PROVIDED ENTRIES:

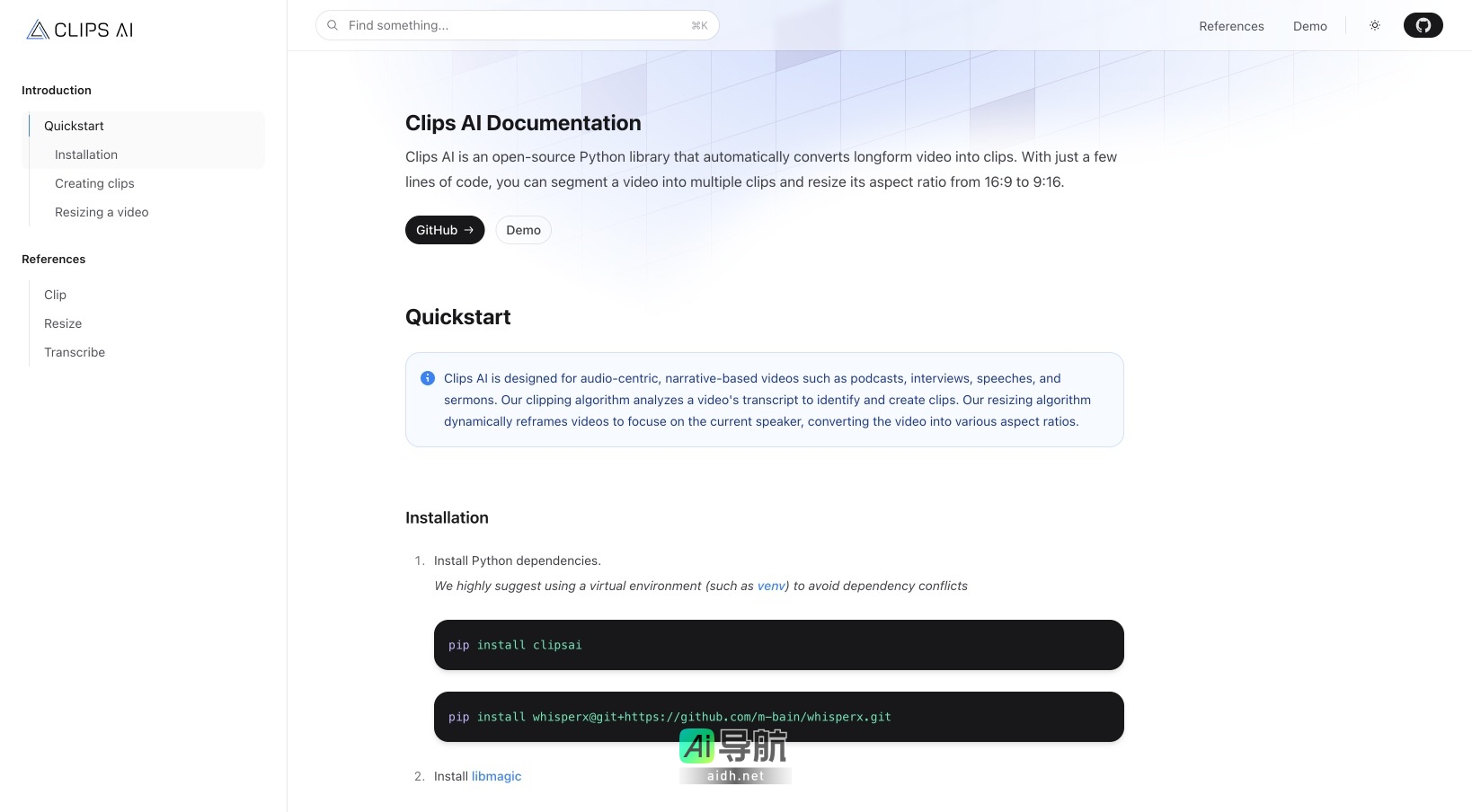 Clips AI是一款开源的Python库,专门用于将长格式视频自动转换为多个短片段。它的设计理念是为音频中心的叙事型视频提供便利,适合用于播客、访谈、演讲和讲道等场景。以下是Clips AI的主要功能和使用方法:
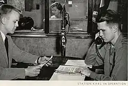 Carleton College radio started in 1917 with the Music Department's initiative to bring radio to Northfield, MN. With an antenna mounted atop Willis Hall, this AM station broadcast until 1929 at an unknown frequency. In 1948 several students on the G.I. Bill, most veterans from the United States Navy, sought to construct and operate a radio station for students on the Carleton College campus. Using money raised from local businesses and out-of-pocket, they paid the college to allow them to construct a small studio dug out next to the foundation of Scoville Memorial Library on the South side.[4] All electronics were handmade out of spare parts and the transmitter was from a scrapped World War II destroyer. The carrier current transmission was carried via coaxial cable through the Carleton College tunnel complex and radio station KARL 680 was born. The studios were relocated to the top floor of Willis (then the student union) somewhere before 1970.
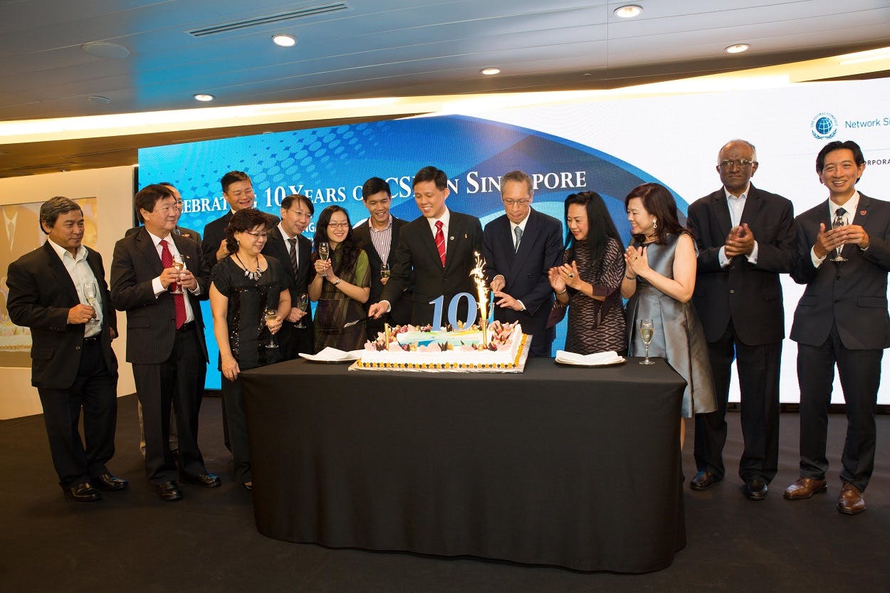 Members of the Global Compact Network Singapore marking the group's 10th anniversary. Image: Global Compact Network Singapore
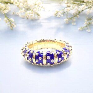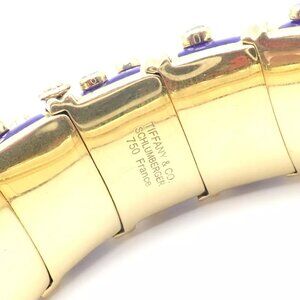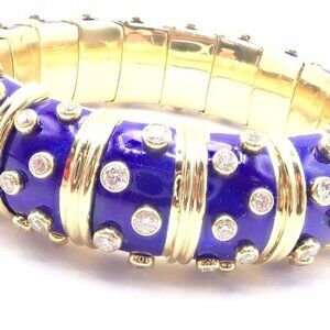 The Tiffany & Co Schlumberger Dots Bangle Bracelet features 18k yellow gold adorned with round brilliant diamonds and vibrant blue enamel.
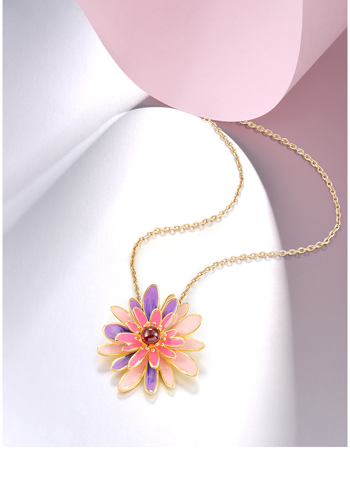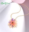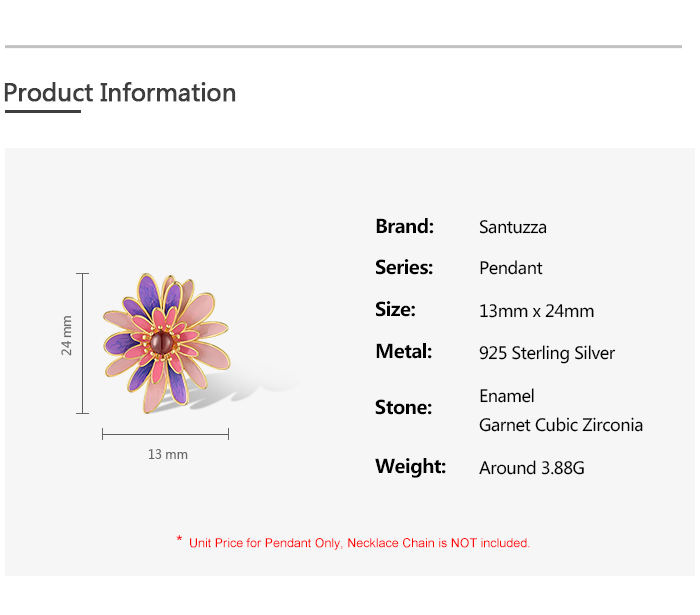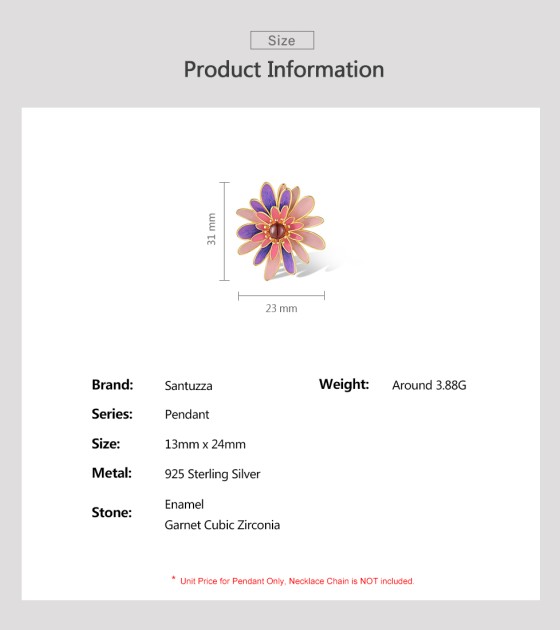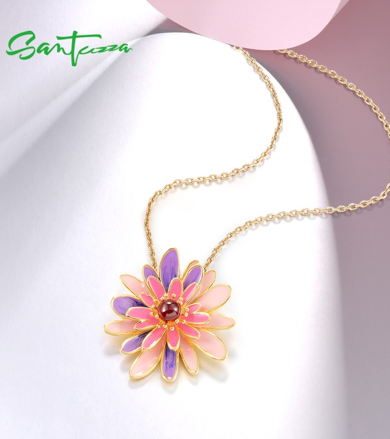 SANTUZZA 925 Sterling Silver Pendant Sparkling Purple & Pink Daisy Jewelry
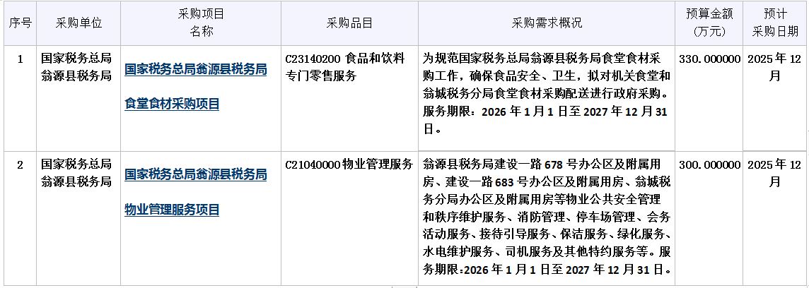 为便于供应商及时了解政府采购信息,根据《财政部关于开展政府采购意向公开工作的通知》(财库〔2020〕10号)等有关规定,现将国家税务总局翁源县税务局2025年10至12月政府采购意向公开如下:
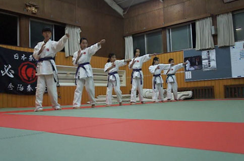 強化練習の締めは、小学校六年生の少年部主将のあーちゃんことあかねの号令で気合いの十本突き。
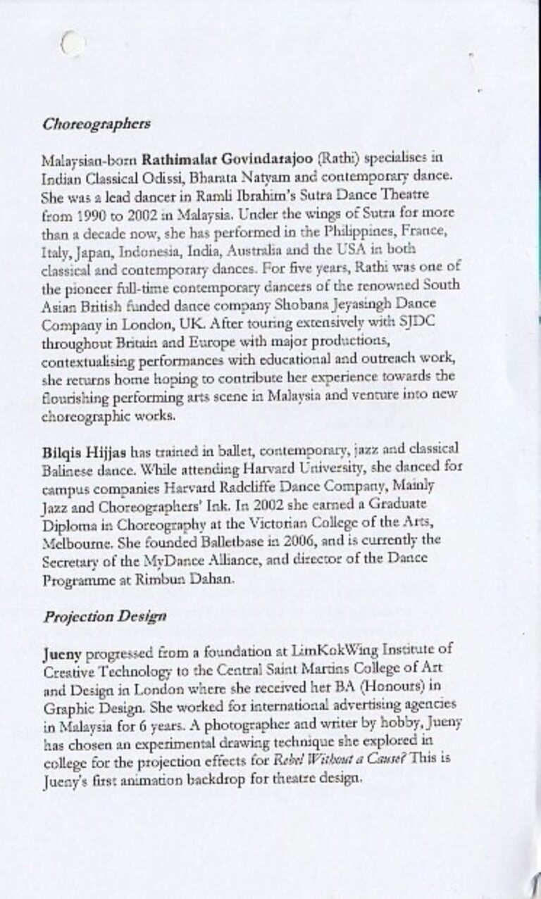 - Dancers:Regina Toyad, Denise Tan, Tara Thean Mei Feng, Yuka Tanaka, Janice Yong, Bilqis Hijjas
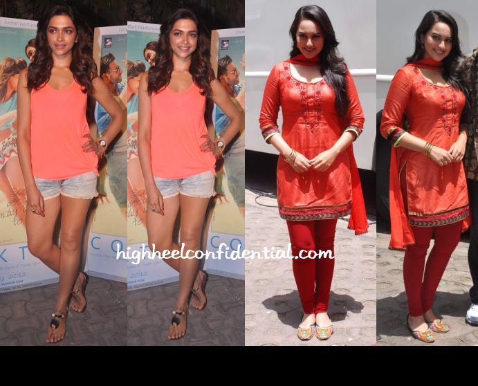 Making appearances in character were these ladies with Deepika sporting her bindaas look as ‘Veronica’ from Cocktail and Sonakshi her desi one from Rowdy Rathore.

TASK DETAILS: Restate word for word the lines beginning with the one that contains "強化練習の締めは、小学校六年" and ending with the last line of the listing; pictures stay out.

EXERCISE SOLUTION:
 強化練習の締めは、小学校六年生の少年部主将のあーちゃんことあかねの号令で気合いの十本突き。
 - Dancers:Regina Toyad, Denise Tan, Tara Thean Mei Feng, Yuka Tanaka, Janice Yong, Bilqis Hijjas
 Making appearances in character were these ladies with Deepika sporting her bindaas look as ‘Veronica’ from Cocktail and Sonakshi her desi one from Rowdy Rathore.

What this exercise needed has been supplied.